Neil Marr, managing editor of BeWrite Books, on an editor’s role.
The breathtaking opening paragraph of Gabriel García Márquez’s One Hundred Years of Solitude carried these words in English: “Many years later, as he faced the firing squad, Aureliano Burendia was to remember that distant afternoon when his father took him to discover ice.”
Magnificent. As brilliant as the opening lines to Rebecca or 1984. A full synopsis in a simple paragraph.
The original Spanish version was immensely outsold by its English translation version by Gregory Rabassa. The translation was so powerful that Márquez himself said it outshone his original. Rabassa in return wrote a book about his translation called If This Be Treason. That sums up where the editor stands in fiction: Every act of communication is translation of author intent. Is our editorial intervention an act of complicity and cooperation or of treason?

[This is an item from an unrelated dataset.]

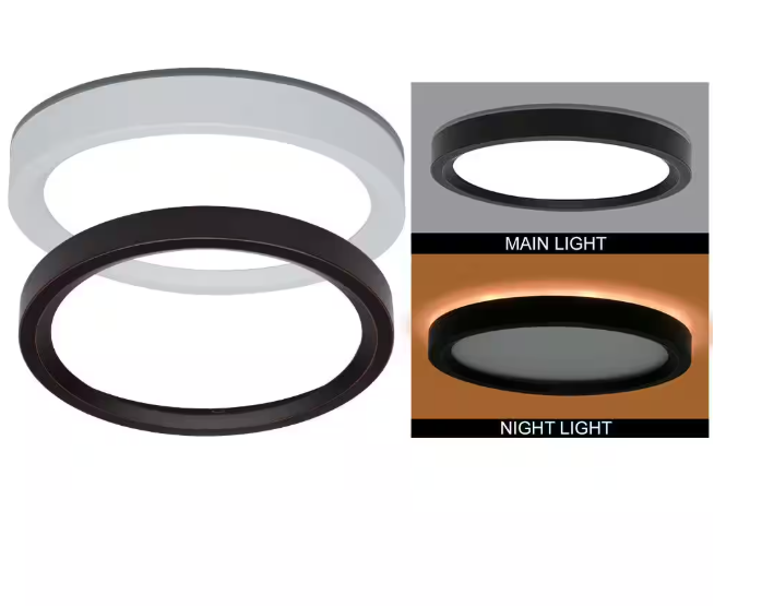 Add a Modern touch to your lighting design with Commercial Electric 7.5in. Round LED Flush Mount ceiling light with optional White and Oil Rubbed Bronze trims. Before installation, you can easily select your preferred color temperature using the convenient slide switch on the back of the fixture. Additionally, the Night Light feature creates a soft Amber glow around the fixture, offering a warm and inviting ambient accent light. With no bulbs to replace and a lifespan of up to 50,000 hours, this maintenance-free flush mount is perfect for a variety of spaces, including kitchens, pantries, bedrooms, bathrooms, closets, stairways, hallways, basements, laundry rooms, craft rooms, playrooms, and offices.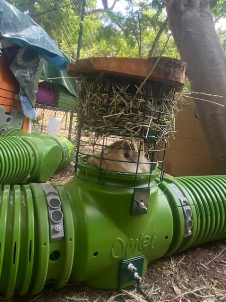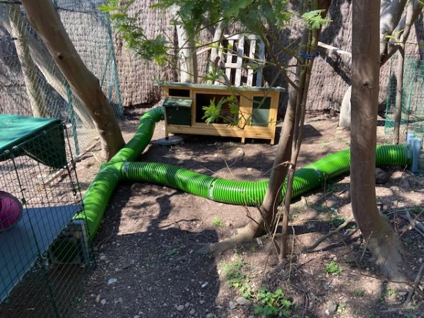Caption: Zippi rabbit tunnels connecting a rabbit run with a wooden rabbit hutch.

There are many examples where an editor turned a tepid manuscript into a work of art. Google ’em. I recall no record of an editor destroying an original work. You?
A manuscript arrives on my desk and shows promise. But it’s horrific in terms of typos and grammatical error (no problem), as well as continuity hiccups (fixable). The hitch is that the chapters are out of whack, and character presence should be lessened here, enhanced there. Story-lines are weak, loose or incomplete. Let’s fix ’em. Writing style isn’t consistent, dialogue is stiff and unreal. Let me have a go.
Then comes the gatekeeper’s decision … take it or leave it. And that’s largely down to how flexible and cooperative the author behaves in early contacts. In many cases, the editor actually becomes the author, taking (and desiring) no credit. So my pet peeve is authors who think they can go it alone and self-publish raw drafts through all the freebie channels now open to them that present a slush-pile for the reader to sift. All they do is try to sell the unadopted.
I’m a spoilsport? Sure I am. But my thoroughly professional editorial team and I (with an average of 40 pro years in the job) often spend as much time perfecting a promising work as its author did in writing it. And we don’t publish bum steers. We also do it free of charge, as any true publisher should. And produce professional cover art, text design, independent international distribution channels, and promotion.
Authors CANNOT go it alone if they want to be taken at all seriously. They need pro help, and all they must do is to come up with a presentable submission to crack that nut and save themselves thousands of wasted bucks or to save a book that’s dead in the water without sound input.